Meredith L. Moore, Edwards A. ParkDagger , and Jeanie B. McMillin§

From the Department of Pathology and Laboratory Medicine, The University of Texas Medical School at Houston, UT-Houston Health Science Center and the Graduate School of Biomedical Sciences, The Texas Medical Center, Houston, Texas 77030 and the Dagger  Department of Pharmacology, The University of Tennessee, Memphis, Tennessee 38163

Transcriptional regulation of carnitine palmitoyltransferase-1beta (CPT-1beta ) is coordinated with contractile gene expression through cardiac-enriched transcription factors, GATA4 and SRF. Metabolic modulation of CPT-1beta promoter activity has been described with the stimulation of gene expression by oleate that is mediated through the peroxisome proliferator-activated receptor (PPAR) pathway. The coactivator, peroxisomal proliferator-activated receptor gamma  coactivator (PGC-1), enhances gene expression through interactions with nuclear hormone receptors and the myocyte enhancer factor 2 (MEF2) family. PGC-1 and MEF2A synergistically activate CPT-1beta promoter activity. This stimulation is enhanced by mutation of the E-box sequences that flank the MEF2A binding site. These elements bind the upstream stimulatory factors (USF1 and USF2), which activate transcription in CV-1 fibroblasts. However, overexpression of the USF proteins in myocytes depresses CPT-1beta activity and significantly reduces MEF2A and PGC-1 synergy. Co-immunoprecipitation studies demonstrate that PGC-1 and USF2 proteins can physically interact. Our studies demonstrate that PGC-1 stimulates CPT-1beta gene expression through MEF2A. USF proteins have a novel role in repressing the expression of the CPT-1beta gene and modulating the induction by the coactivator, PGC-1.

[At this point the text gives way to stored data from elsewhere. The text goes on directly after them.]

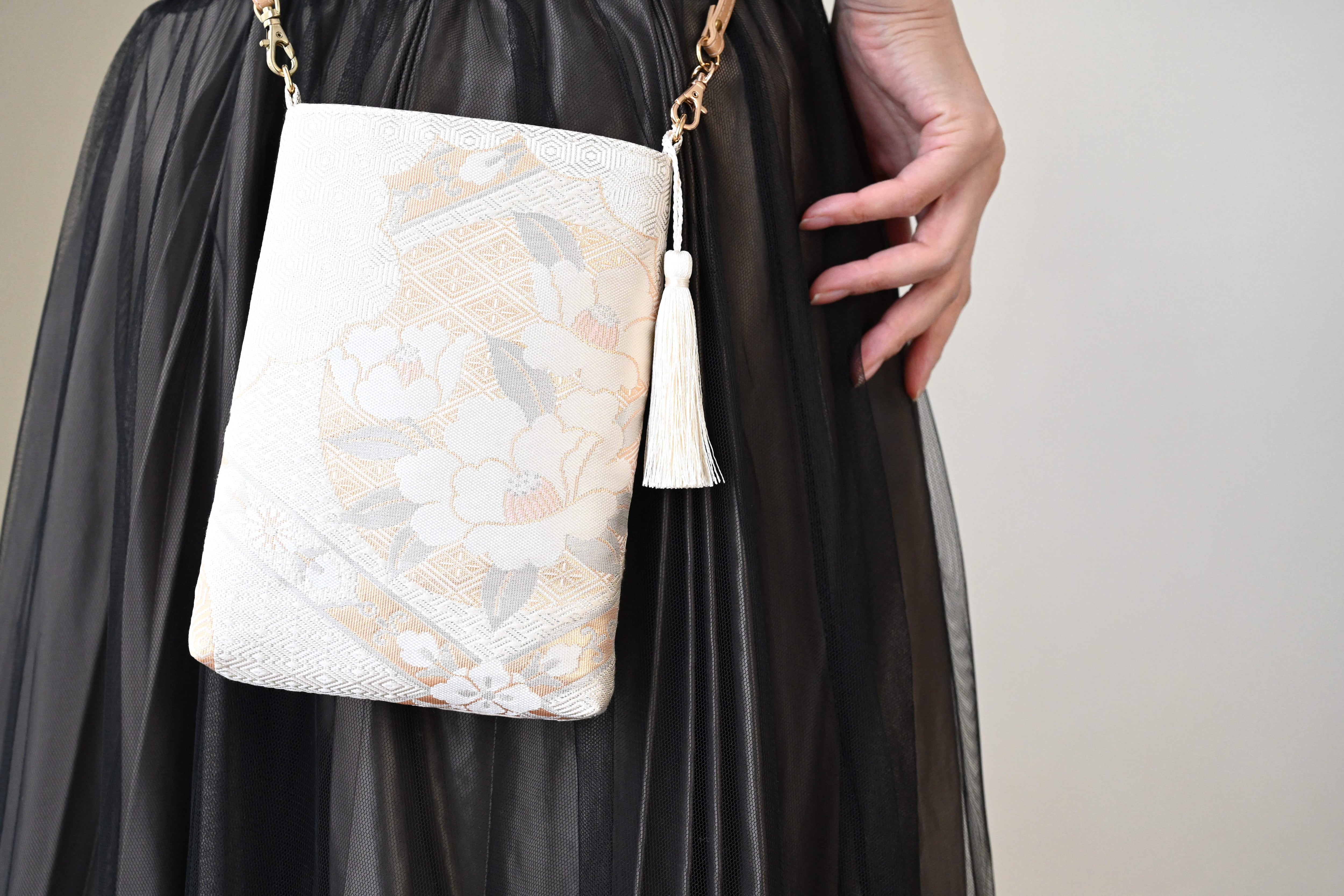 【花丸模様 ベージュ・シルバー シルク帯リメイクスマホショルダーバッグ】日常使い、お呼ばれの日、結婚式バッグ、フォーマルバッグ、誕生日ギフトとしても。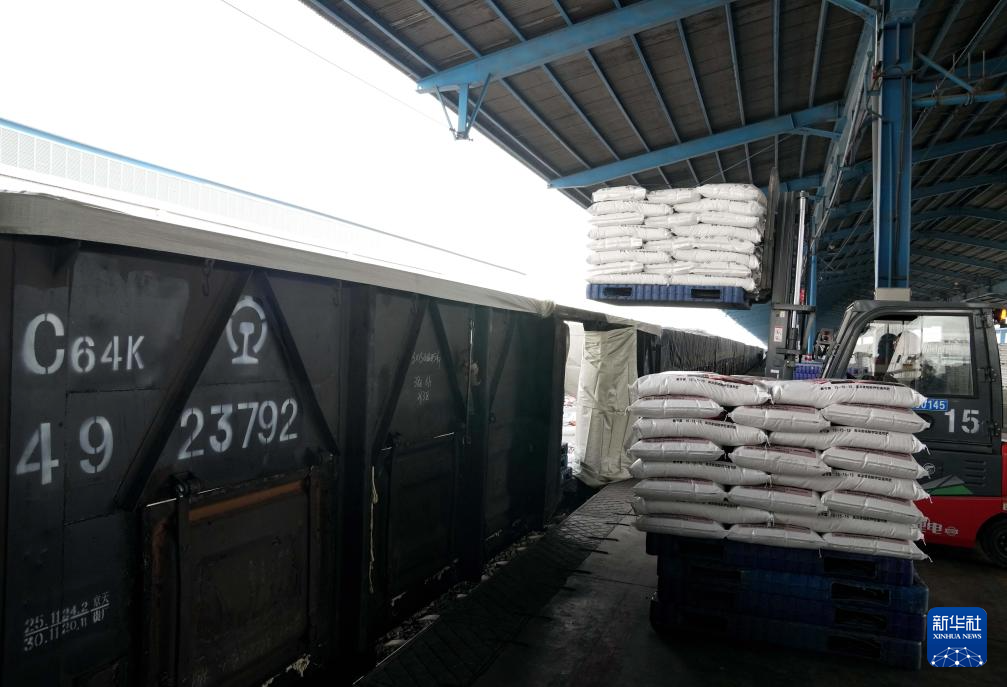 3月18日,工人在河北省秦皇岛市海港区一家化肥生产企业的列车站台操作叉车搬运化肥。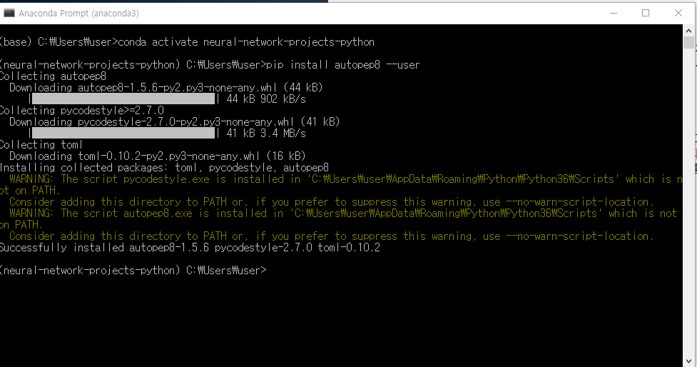 나의 경우도, 다시 아나콘다 프롬프트를 재시작하여, 해당하는 가상환경을 활성화 시킨 후에 코드를 입력하여 autopep8을 설치했다. 그 후, 다시 파이선 파일을 동일한 디렉토리에서 생성한 결과 정상적으로 파일이 만들어지는 것을 확인할 수 있었다.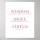 Elegant pink and white design of the motivational quote "Wisdom is knowing what to do next, skill is knowing how to do it, virtue is doing it" set in modern typography.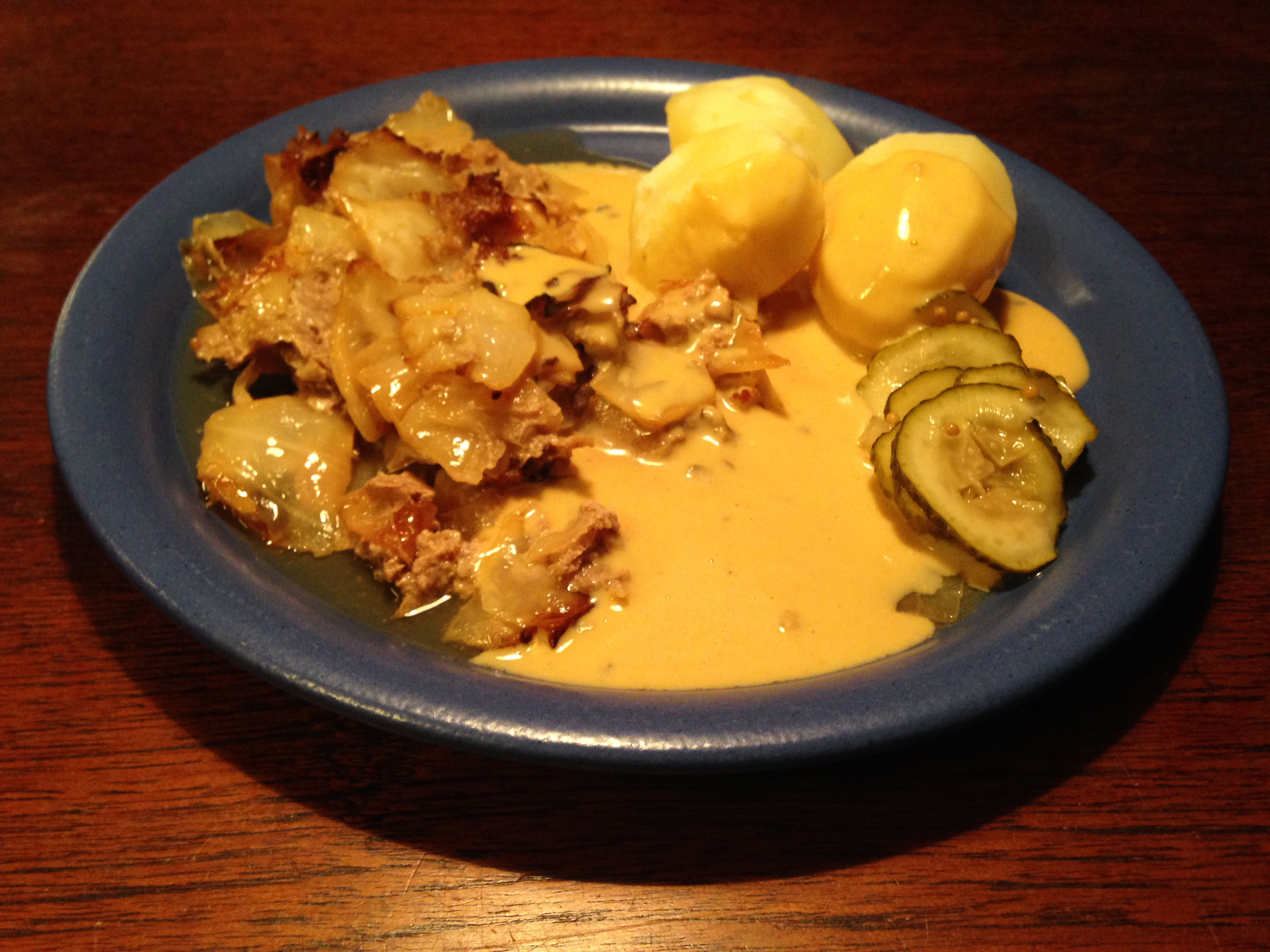 4. Mitt serveringsförslag är med kokt potatis, sås och inlagd gurka.

* This work was supported by National Institutes of Health Grant RO1 HL38863, the Juvenile Diabetes Research Foundation (JDRF), and the American Heart Association (AHA).The costs of publication of this article were defrayed in part by the payment of page charges. The article must therefore be hereby marked "advertisement" in accordance with 18 U.S.C. Section 1734 solely to indicate this fact.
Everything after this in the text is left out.